An exciton is a bound state of an electron and an electron hole which are attracted to each other by the electrostatic Coulomb force. It is an electrically neutral quasiparticle that exists in insulators, semiconductors and some liquids. The exciton is regarded as an elementary excitation of condensed matter that can transport energy without transporting net electric charge.

An exciton can form when a material absorbs a photon of higher energy than its bandgap.  This excites an electron from the valence band into the conduction band.  In turn, this leaves behind a positively charged electron hole (an abstraction for the location from which an electron was moved).  The electron in the conduction band is then less attracted to this localized hole due to the repulsive  Coulomb forces from large numbers of electrons surrounding the hole and excited electron. These repulsive forces provide a stabilizing energy balance.  Consequently, the exciton has slightly less energy than the unbound electron and hole. The wavefunction of the bound state is said to be hydrogenic, an exotic atom state akin to that of a hydrogen atom. However, the binding energy is much smaller and the particle's size much larger than a hydrogen atom.   This is because of both the screening of the Coulomb force by other electrons in the semiconductor (i.e., its relative permittivity), and the small effective masses of the excited electron and hole. The recombination of the electron and hole, i.e., the decay of the exciton, is limited by resonance stabilization due to the overlap of the electron and hole wave functions,  resulting in an extended lifetime for the exciton.
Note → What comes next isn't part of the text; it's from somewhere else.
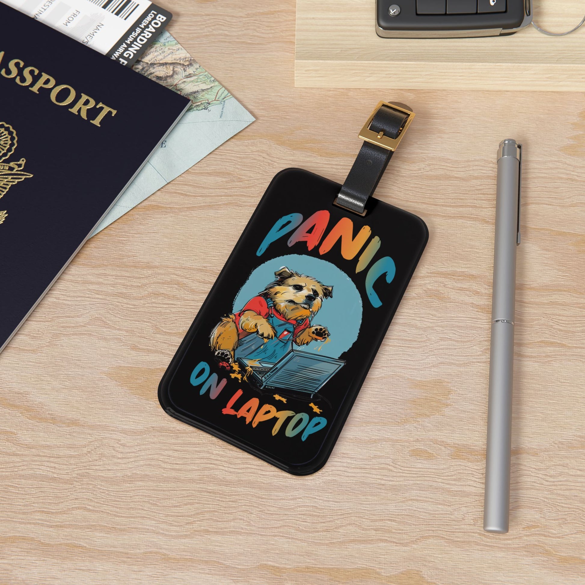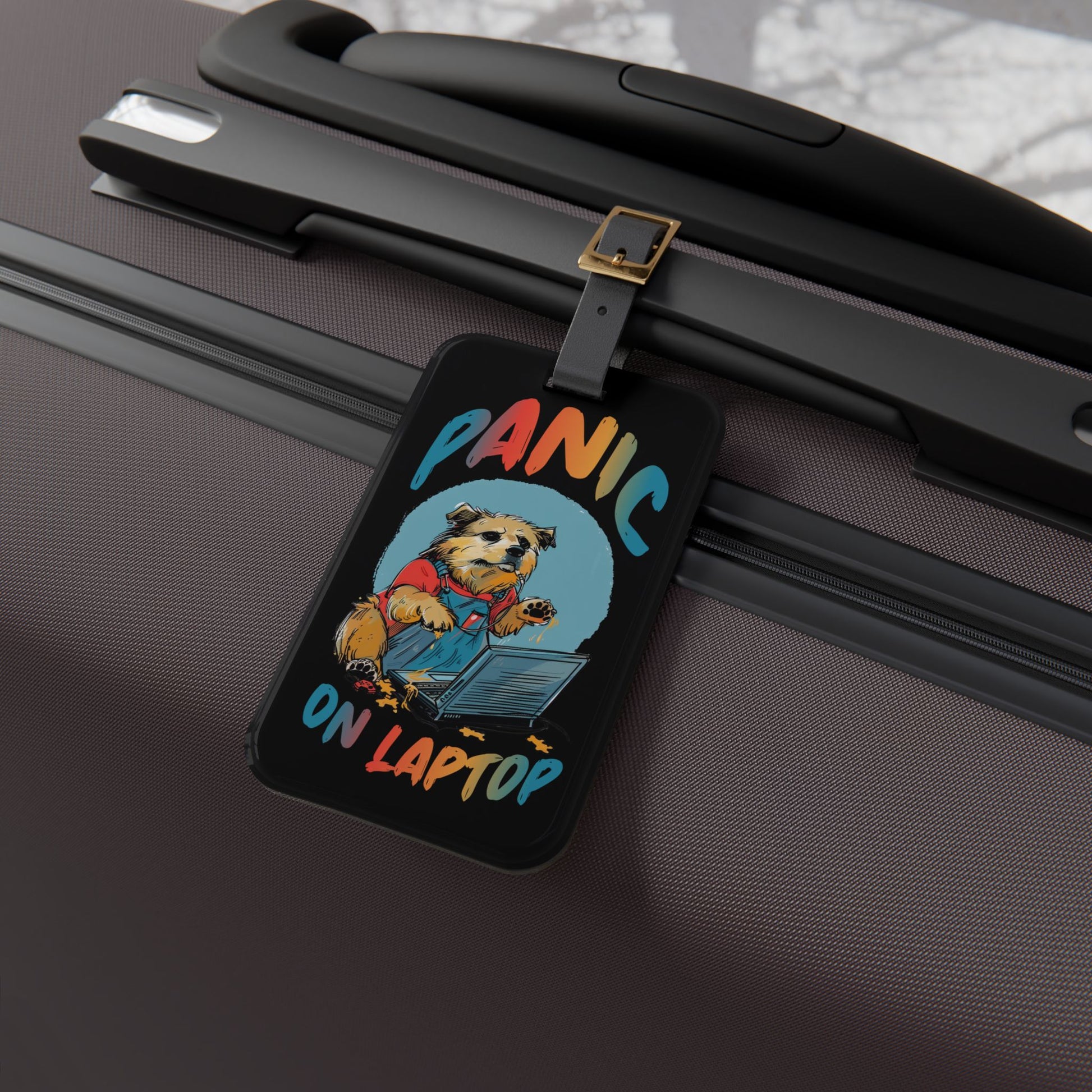 Panic On Laptop Luggage Tag | Funny Dog Computer Baggage ID | Gen Z Quotes | Zoomer Vibes | Hilarious Animal Humor | Perfect Gift Dog Lovers

The electron and hole may have either parallel or anti-parallel spins. The spins are coupled by the exchange interaction, giving rise to exciton fine structure. In periodic lattices, the properties of an exciton show momentum (k-vector) dependence.

The concept of excitons was first proposed by Yakov Frenkel in 1931, when he described the excitation of atoms in a lattice of insulators. He proposed that this excited state would be able to travel in a particle-like fashion through the lattice without the net transfer of charge.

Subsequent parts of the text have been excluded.